Part of this the lack of connectivity between blockchains, but there is also the issue of the blockchains not having the scalability necessary to accommodate huge companies. When you have a bunch of separate blockchains functioning out of sync, it is hard to build anything significant, as the “ecosystem” is coming to find.
A Natural Evolution
The evolution of the space started with Bitcoin – there were coins before, but nothing that caught on – which was the equivalent of a “simple app”. It could be traded and used the basic functionality of blockchain, but there was nothing complicated about its use case.
Then there was Ethereum, which allowed for smart contracts and other protocols to be built out upon it. This results in a lot of different apps functioning on the same platform, much like an app platform.
Finally, the hope is that Aelf will be able to create a blockchain operating system (much like Linux) that will add an infinite level of scalability to the platform. It would be developer and consumer friendly and function with high reliability.
Two Key Innovations
This blockchain operating system depends on two major innovations: side chains and a unique governance system. By using a multi-chain architecture rather than a “main” blockchain, they avoid many of the pitfalls of NEO or Ethereum.
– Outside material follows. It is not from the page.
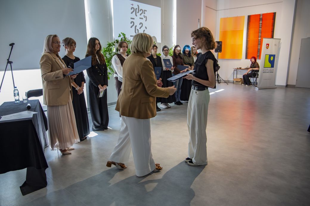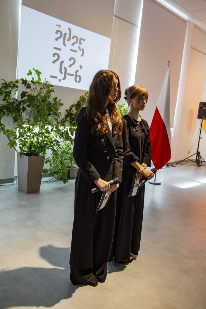 Wrzesień to jednak nie tylko początek roku szkolnego. To także czas pamięci. W 86 rocznicę wybuchu II wojny światowej uczniowie, nauczyciele i zaproszeni goście oddali hołd wszystkim, którzy walczyli o wolność i życie w pokoju. Cała sala w skupieniu uczciła ich pamięć minutą ciszy - momentem pełnym wzruszenia i refleksji. Kolejnym punktem uroczystości było przemówienie Pani Dyrektor, w którym podkreślono, że nowy rok szkolny to nie tylko kolejne wyzwania artystyczne, ale także praca nad sobą, relacjami i wrażliwością - wartościami równie ważnymi jak warsztat twórczy. Pani Dyrektor wręczyła wyróżnienia i nagrody (dotarły do szkoły podczas wakacji) uczennicom naszej szkoły, które w ubiegłym roku szkolnym osiągnęły szczególne sukcesy w konkursach artystycznych. Ta wyróżnienia były nie tylko uhonorowaniem pracy i talentu młodych twórczyń, ale także dowodem, że ich sztuka ma moc docierania daleko poza szkolne mury.

Ideally, this will allow Aelf to be highly available and have a high transaction-per-second capacity.
Additionally, companies will be able to rent out nodes (nodes as a service) to help process their side chains when they’re having scaling issues. This is one of the many benefits of operating on an operating system-esque model.
The governance system for Aelf must be unique, since regular consensus algorithms wouldn’t work when confirming information from side chains on tho the main chain. Therefore, a Delegated Proof-of-Stake algorithm is used, which helps you vote on which nodes will become mining nodes and have the ability to confirm transactions.
Current State of Aelf
Aelf is currently in a big growth period. The main net launch is scheduled for 2019, with the development team publishing consistent updates along the way.
The protocol uses their proprietary token, ELF, as a utility token that permits users to access, interact with, and directly participate in DAPPS and other services. No ICO occurred for ELF and it was instead financed using a private token sale.
Currently ranked 89th in terms of market capitalization and available on Binance, ELF had a rough December, with a recent recovery occurring during a consolidation period.
The current prices around 3,000 to 3,500 satoshis represent a good buying area while waiting for a breakout. ELF is a fairly volatile coin and with consolidation occurring rapidly, it isn’t unreasonable to think it could hit 4,500 satoshis.
Additionally, with the pending development and release of its mainnet, the fundamental could potentially change very quickly. This could assist the technicals and create a highly profitable breakout, which makes it a good short- or medium-term trade.
Disclaimer: The author owns Bitcoin, Ethereum and other cryptocurrencies. He holds investment positions in the coins, but does not engage in short-term or day-trading.